Tiny Tubes With the Strength of Steel

Nanoscopic size and unusual electrical properties have made carbon nanotubes one of the hottest new materials to come out of physics labs in recent years. They're also one of the strongest, according a study published in the 12 June issue of Physical Review Letters; in fact, researchers say they're so sturdy that they make promising ingredients for new, ultratough lightweight materials.

Carbon nanotubes, discovered in 1991 in Japan as by-products of the manufacture of buckyballs, are chicken-wire-like lattices of carbon atoms rolled up in tubes. The thinnest ones are single-walled structures just over a nanometer in diameter. Many consider them to be elongated buckyballs, hence their nickname "buckytubes."

To determine the tubes' strength, researchers prepared samples of "buckytube paper," dense pads of nanotubes, which they tore apart. From the ragged edges dangled bundles of single-walled tubes.

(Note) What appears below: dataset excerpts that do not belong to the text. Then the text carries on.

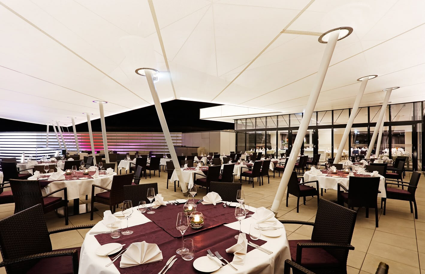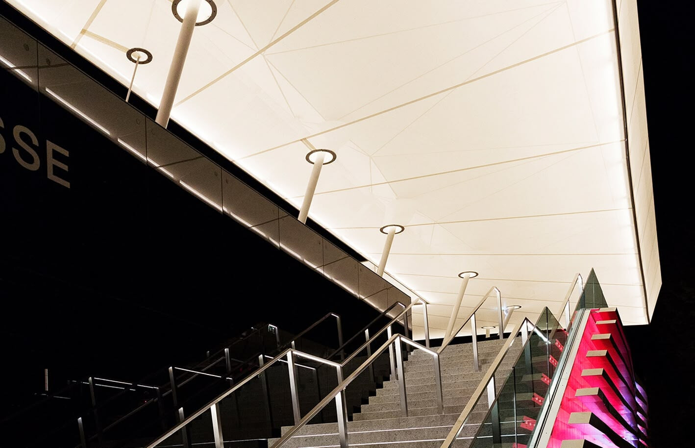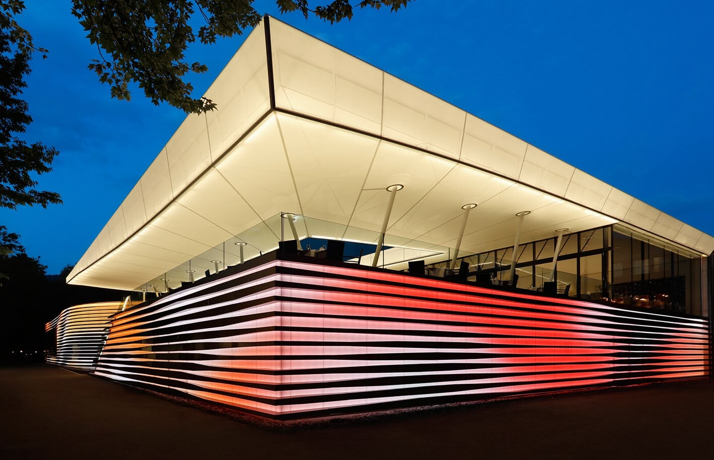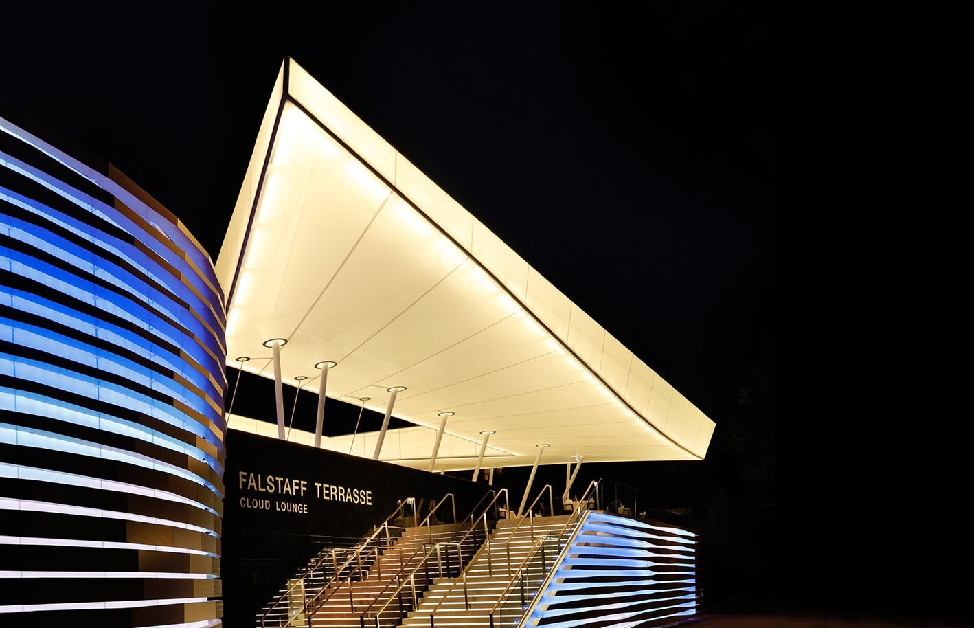 Für diese äußerst filigrane und minimalistische Ausführung war Koch Membranen von Anfang an der Wunschpartner. Die im Detail sehr komplexe Planung, qualitativ hochwertige und äußerst maßgenaue Fertigung führten trotz der unter sehr hohem Termindruck stehenden Montage zu einem optimalen Ergebnis, das den Bauherrn, Casino Austria, auf ganzer Linie überzeugt. Seit der Neueröffnung sind die Erwartungen an die Besucherzahlen bei weitem übertroffen worden. Der Besuch der Bregenzer Festspiele oder das feine Dinner nach dem Casinobesuch im Restaurant FALSTAFF wird so zu einem unvergesslichen Erlebnis.
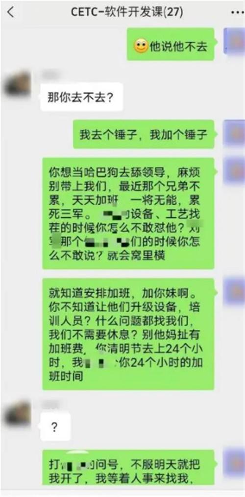 4月4日,在網(wǎng)絡(luò)上流傳出很多張聊天截圖,顯示的是兩個(gè)微信工作群內(nèi)的聊天記錄,在群內(nèi)有領(lǐng)導(dǎo)表示清明節(jié)需要加班,但沒有員工主動(dòng)請(qǐng)纓,隨后領(lǐng)導(dǎo)指定了兩個(gè)人,被指定的員工陳某某在群中明確表示不想加班,并將之前一直加班的怨氣爆發(fā)出來(lái),甚至怒懟多名領(lǐng)導(dǎo),引發(fā)了部門其他同事的共鳴,也導(dǎo)致公司內(nèi)很多員工都表示要辭職。
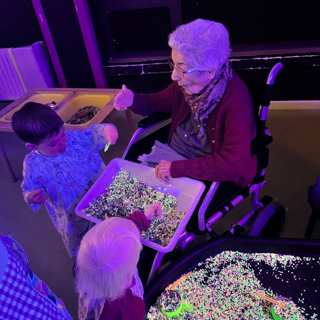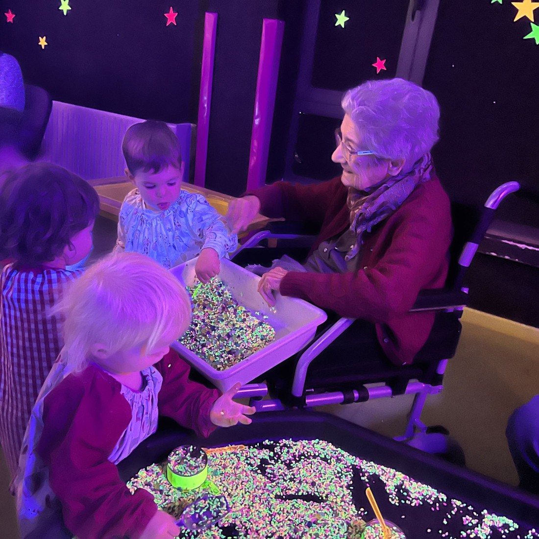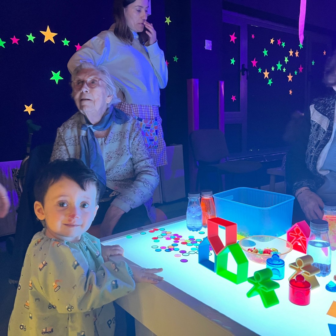 Vam visitar la llar d’infants i vam compartir una estona màgica a la sala Snoezelen amb els més petits.

Then they used an electron beam from a scanning electron microscope to "nanoweld" a bundle (or "rope") of 100 to 200 single-walled nanotubes to the tip of an atomic force microscope (AFM), a tiny cantilever equipped with a very sharp tip. Next, the team carefully stretched the miniature rope by exerting a force on the tip, enabling them to measure the force at which it broke. After dividing that force by the number of nanotubes in the rope, the team concluded that each nanotube was about 10 times stronger than a same-sized steel wire.

Current AFM technology doesn't allow the researchers to grab just one nanotube and pull it, but that's the ultimate goal, says physicist Rodney Ruoff of Washington University in St. Louis, who led the team. And he expects those measurements to show that single tubes are the strongest material ever made.

The current study will stimulate research into the use of nanotubes in new materials to replace composite materials containing carbon fibers, says Pierre Petit of the University of Strasbourg in France. Ruoff is convinced that nanotube-based materials will eventually be used in airplanes and spacecraft--and perhaps even the deployable mirrors of future space instruments, such as the Next Generation Space Telescope.